Iranian Foreign Minister Mohammad Javad Zarif says Tehran’s upcoming talks with the six major world powers in Geneva will be the first test of their seriousness to resolve the nuclear issue.

“The New York talks [in September] were an announcement of the two sides’ political will to resolve the nuclear issue and we think that the delegations of both sides were ready to reach a quick solution through negotiations at the foreign ministerial level,” Zarif told reporters upon his arrival in Geneva on Monday.

Iran’s foreign minister and his counterparts from the five permanent members of the UN Security Council – Russia, China, Britain, France and the US — plus Germany held talks in New York on September 26 over Tehran’s nuclear energy program.

The UN meeting was chaired by the EU foreign policy chief, Catherine Ashton, who announced that the parties would meet again in Geneva on October 15-16 to discuss Iran’s nuclear program.

“We believe that Iran’s nuclear energy program has no problem and a balanced attitude is needed to overcome obstacles. We must move towards implementing Iran’s nuclear rights while building confidence about the peaceful nature of Iran’s nuclear program to improve [the Iranian] people’s living [conditions] …and lift cruel sanctions,” Zarif said.

The Iranian minister added that he is not pessimistic about the upcoming two-day Geneva talks, stressing the importance of proving the six powers’ goodwill and political will in practice.

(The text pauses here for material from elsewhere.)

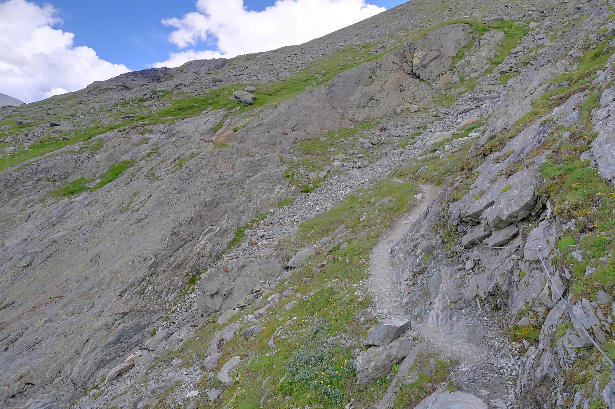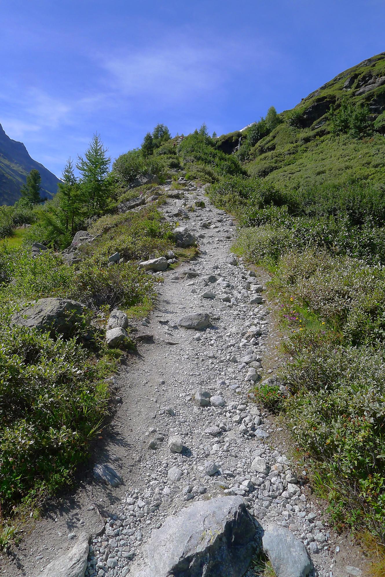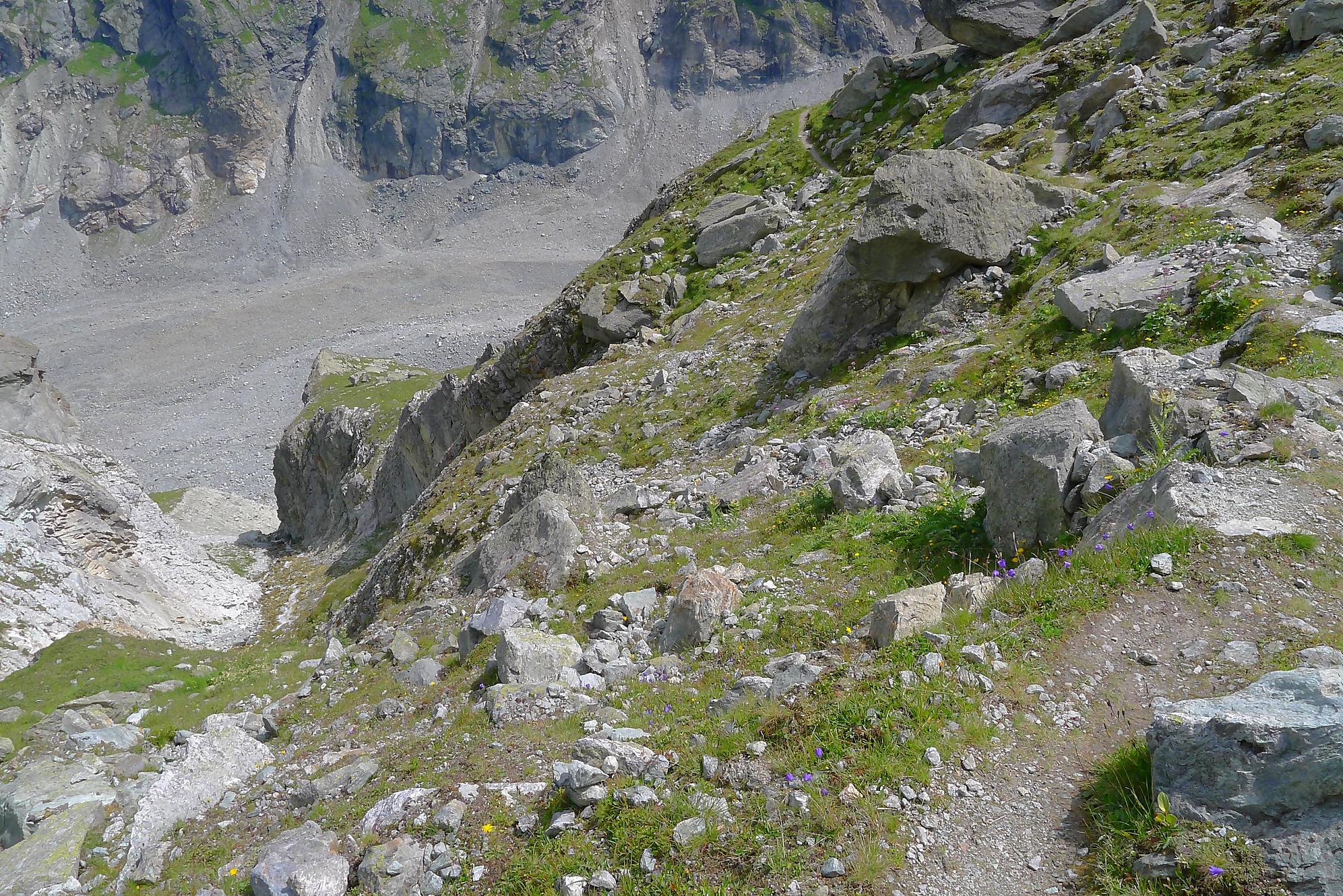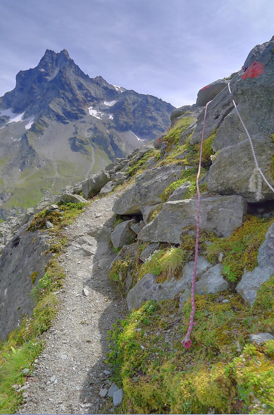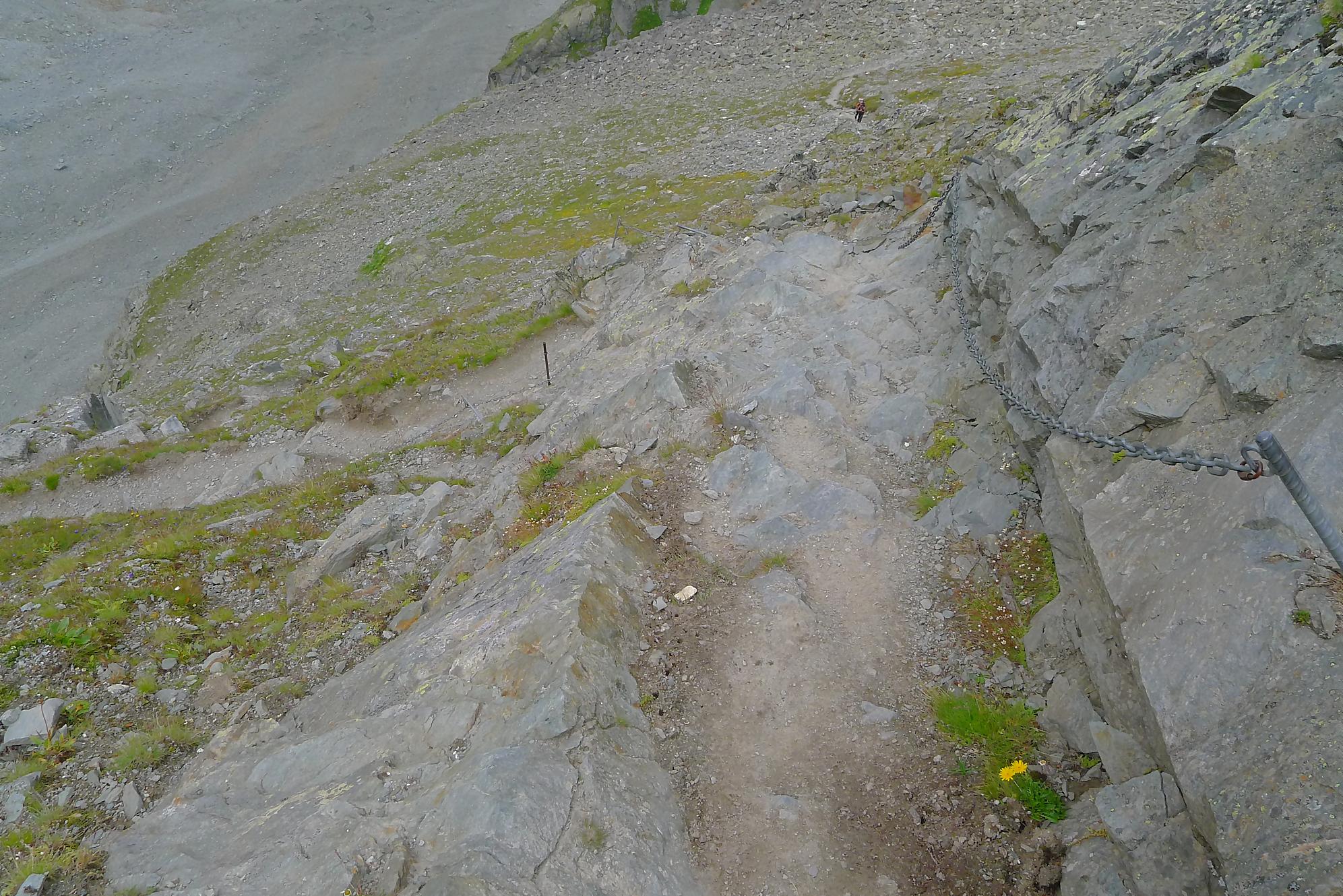 Je reprends ma route et à partir d’ici cela va faire mal aux mollets non affutés. Un panneau décourage les touristes. Ce chemin est assez récent, car au retour, en face, on voit des restes de l’ancien sentier (non praticable) juste au-dessus de la moraine. Donc le chemin monte fort, tout en zigzags et pentu. Fort bien fleuri et des myrtilles au début. Vers 2400m, le sentier se décide enfin à partir à flanc de montagne. Sur ce long tronçon, il y a aura bien des chaines, plus en soutien psychologique. Je n’en ai pas utilisé une seule, mais à chacun sa sensibilité aux pentes un peu vertigineuses.

“If such a will exists, we can reach a solution in a foreseeable future,” the top Iranian negotiator pointed out.

He noted that the nuclear issue cannot be resolved over a session and called for building trust to yield results in the shortest possible time.

Zarif expressed readiness to give responses to questions about Iran’s new proposals which are scheduled to be presented to the six countries during the Geneva talks.

Iran’s package of proposals has been designed based on saving time because the country believes that shortening the time of negotiations would build confidence, he explained.

“We believe that the nuclear issue can be resolved in one year and Iran’s nuclear issue can turn into an ordinary matter in the International Atomic Energy Agency (IAEA) provided that the opposite side has goodwill,” Zarif pointed out.

The Iranian foreign minister is to meet Ashton at a dinner banquet later on Monday at the residence of Iran’s Permanent Representative to International Organizations in Geneva, Mohsen Naziri.

Iran’s Deputy Foreign Minister for legal and international affairs Abbas Araqchi declared on Sunday that Iran’s package to be proposed during the talks is based on “the same step-by-step approach which was brought up and generally agreed on” in meetings with the six powers partaking in the nuclear talks.

The deputy foreign minister added that Iran’s “logical, balanced and realistic” plan makes it possible for both sides to take the first step toward breaking the deadlock over Tehran’s civilian nuclear program.